Miyagi Yasuo, Sakamoto Shun-Ichiro, Kawase Yasuhiro, Oomori Hiroya, Watanabe Yoshiyuki, Kurita Jiro, Maruyama Yuji, Sasaki Takashi, Ishii Yosuke
Department of Cardiovascular Surgery, Nippon Medical School Tokyo Japan.
Circ Rep. 2021 Aug 21;3(9):488-496. doi: 10.1253/circrep.CR-21-0095. eCollection 2021 Sep 10.
Although the causative pathogens in cardiac implantable electronic device (CIED) infections are well known, the relationship between time after implantation and infection patterns has not been sufficiently investigated. This study investigated the microbiology and onset of CIED infections according to infection patterns. This retrospective study included 97 patients who underwent CIED removal due to device-related infections between April 2009 and December 2018. After device implantation, infections peaked in the first year and declined gradually over 10 years. Most infections (>60%) occurred within 5 years. Staphylococcal infections, the predominant form of CIED infections, occurred throughout the study period. CIED infections were categorized as systemic (SI; n=26) or local (LI; n=71) infections according to clinical presentation, and as CIED pocket-related (PR; n=85) and non-pocket-related (non-PR; n=12) infections according to the pathogenic pathway. The main causative pathogen in SI was , whereas coagulase-negative staphylococci were mainly related to LI. Both SI and LI peaked in the first year after implantation and then decreased gradually. There was no significant microbiological difference between PR and non-PR infections. PR infections showed the same temporal distribution as the overall cohort. However, non-PR infections exhibited a uniform temporal distribution after the first year. The severity of CIED infections depends on the causative pathogen, whereas their temporal distribution is affected by the microbiological intrusion pathway.

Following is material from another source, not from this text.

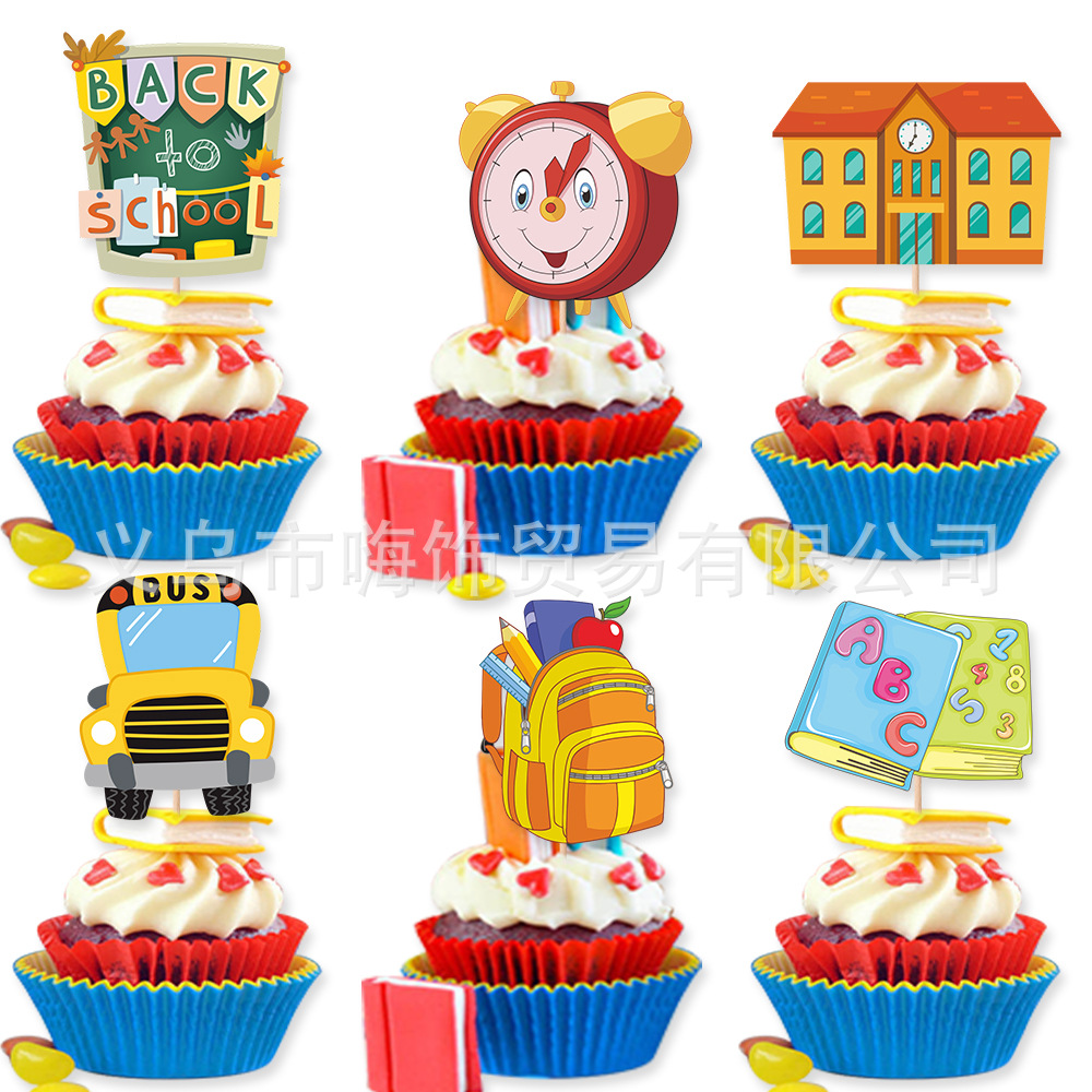 国境を越えた入学ケーキの小さな挿し木と大きな挿し木は幼稚園の学校の大学入学パーティーのケーキのプラグインを飾っている

尽管心脏植入式电子设备(CIED)感染的致病病原体已为人所知,但植入后时间与感染模式之间的关系尚未得到充分研究。本研究根据感染模式调查了CIED感染的微生物学及发病情况。这项回顾性研究纳入了2009年4月至2018年12月期间因设备相关感染而接受CIED移除的97例患者。设备植入后,感染在第一年达到高峰,并在10年内逐渐下降。大多数感染(>60%)发生在5年内。葡萄球菌感染是CIED感染的主要形式,在整个研究期间均有发生。根据临床表现,CIED感染分为全身感染(SI;n=26)或局部感染(LI;n=71),根据致病途径分为CIED囊袋相关感染(PR;n=85)和非囊袋相关感染(非PR;n=12)。SI的主要致病病原体是 ,而凝固酶阴性葡萄球菌主要与LI相关。SI和LI均在植入后第一年达到高峰,然后逐渐下降。PR感染和非PR感染之间在微生物学上无显著差异。PR感染与整个队列显示出相同的时间分布。然而,非PR感染在第一年之后呈现出均匀的时间分布。CIED感染的严重程度取决于致病病原体,而其时间分布受微生物侵入途径的影响。